RBI Might Perhaps Make Another Policy Rate Cut of 25 bps on 4th October

RBI Might Perhaps Make Another Policy Rate Cut of 25 bps on 4th October

The Reserve Bank of India may currently make another rate cut on 4th October. This cut of up to 25 bps shall be the 5th in a row by the apex bank. Shaktikanta Das, the RBI Governor heads the Monetary Policy Committee (MPC) would make an announcement the fourth bi-monthly monetary policy for 2019-20 recently after its three-day meeting.

The apex bank may announce the rate cut to complement government's measures such as reducing corporate tax as well as promoting credit off-take in order to boost economic activity during the festive season in the midst of a slowdown.

The financial market expert had stated that the magnitude of the repo rate cut is going to be lower this time as the RBI has cumulatively cut it by 110 basis points in the calendar year up to now.

The prevailing retail inflation reading at 3.21% for August, which is lower than the mandated 4% inflation target, gives the RBI headroom to cut rates to encourage growth.

The RBI might also want to make out how the new lending rate regime, linking banks’ retail as well as micro and small enterprise loans towards an external benchmark with effect from 1st October, responds to a rate cut in the background of sufficient liquidity in the banking system.

Repo rate is basically the interest rate at which the central bank offers liquidity to banks in order to overcome short-term liquidity mismatches. At present, this rate is at 5.40%.
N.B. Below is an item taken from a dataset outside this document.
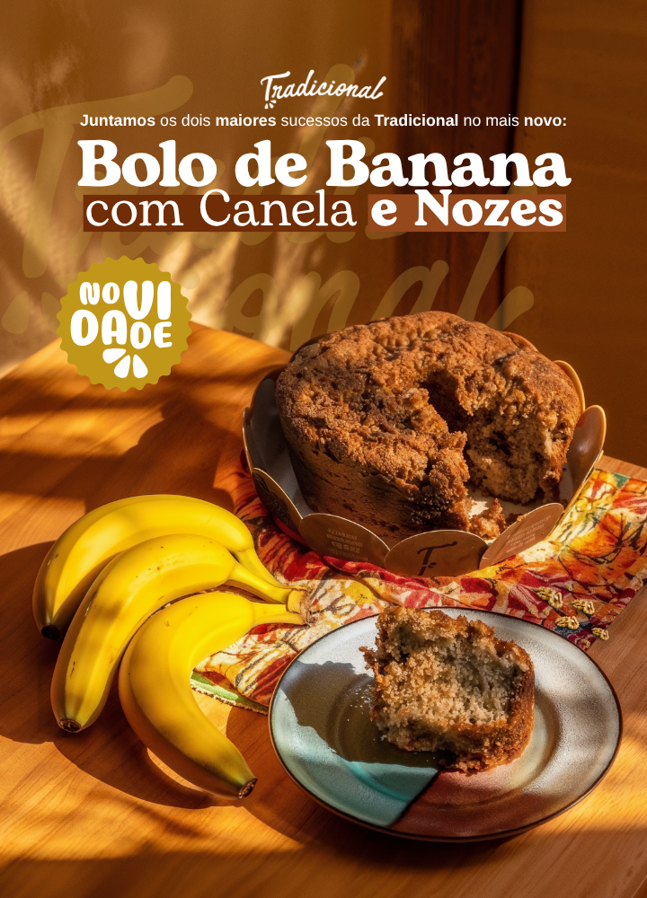 Bolos, tortas e sobremesas artesanais, cuidadosamente preparados com receitas feitas com carinho. Direto das nossas cozinhas para a sua casa, levando tradição e sabor em cada detalhe. Afinal, Tradicional é fazer parte do seu dia a dia!

The central bank has by now slashed the repo rate (short-term borrowing rate) four times aggregating towards 1.10 percentage points since January. At its preceding meeting in August, the MPC had slashed the benchmark lending rate by an unusual 35 basis points to 5.40%.

The forthcoming MPC meeting had been held in the setting of the RBI's mandate to banks towards linking their loan products to an external benchmark, such as repo rate, for faster transmission of reduction in policy rates to borrowers from 1st October. Ahead of the meeting, RBI Governor Shaktikanta Das had headed the Financial Stability and Development Council (FSDC) sub-committee took stock of the existing macroeconomic situation. Previously, the RBI Governor had stated the government has small fiscal space, giving hopes that the RBI might provide additional monetary stimulus to support and boost the economy.
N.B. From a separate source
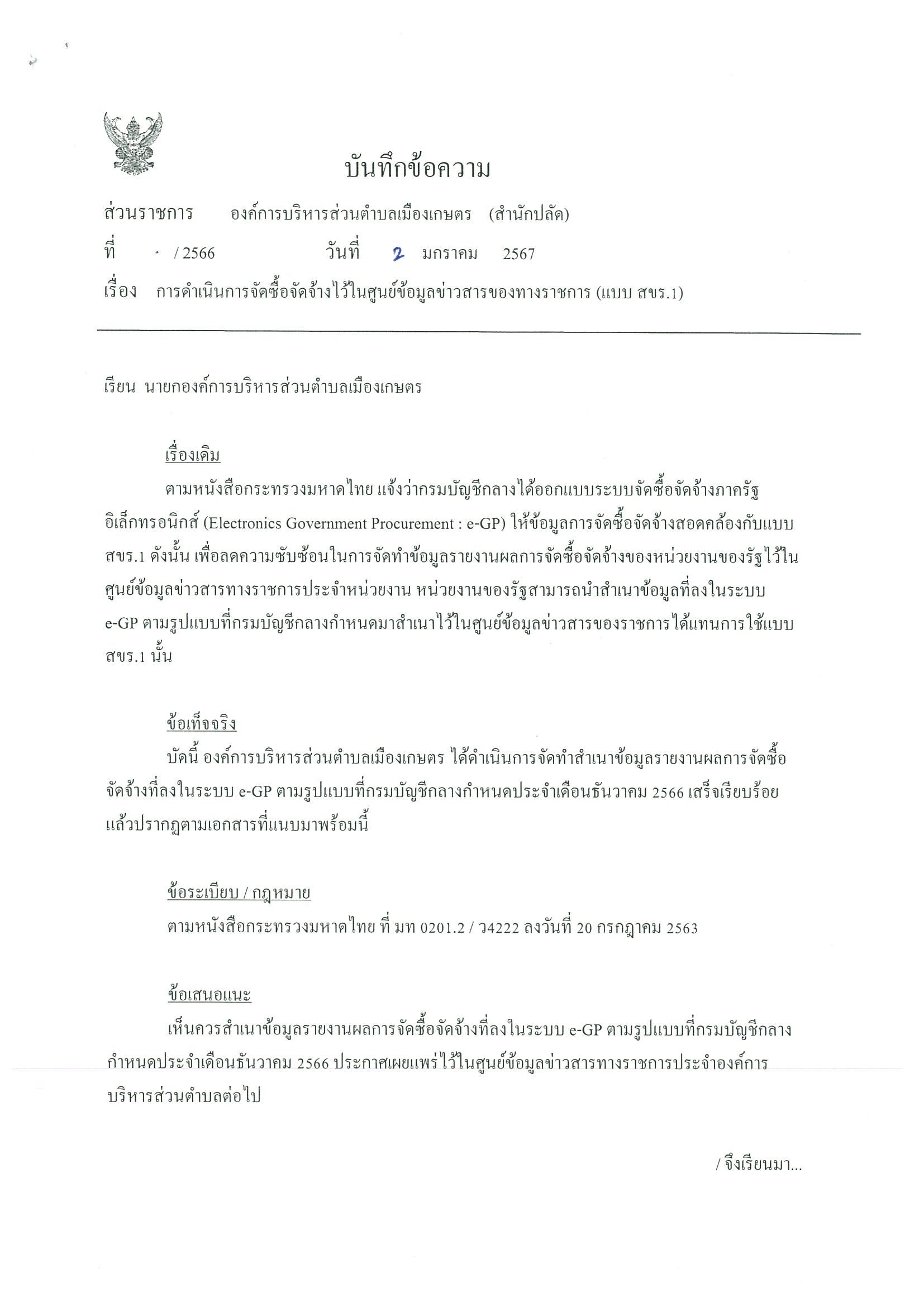 สรุปผลการจัดซื้อจัดจ้าง ประจำเดือน ธันวาคม พ.ศ. 2566

The government's financial space was squeezed on account of cut in rates of corporate tax and lowering of GST on various items. Revenue collection also has been much lowering as per the Budget estimations. Experts held that one more rate cut is expected as the government is tied and the onus of taking initiatives at the present rests with the Reserve Bank.
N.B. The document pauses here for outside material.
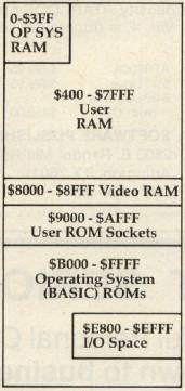 Now, there is actually a little gap, running from $E800 to $EFFF, which the 8032 decodes as I/O space rather than ROM. It is in this range that Commodore has placed its PIAs ("Peripheral Interface Adapters", i.e., parallel I/O ports) and VIAs ("Versatile Interface Adapters", another flavor of same) for communicating with the outside world via keyboard, tapes, the IEEE bus, etc.

It was stated that the government has taken a series of measures in the last few weeks in order to drive structural changes in the Indian financial system. Though, most of these are facilitating provisions to ease supply-side pressures whereas the main challenge of reigniting demand remains. Therefore,  it could be hoped that the Reserve Bank’s slashing the key signaling rate of repo by 25 bps to 5.15% next week shall be carried out in order to complement the government's economic stimulus.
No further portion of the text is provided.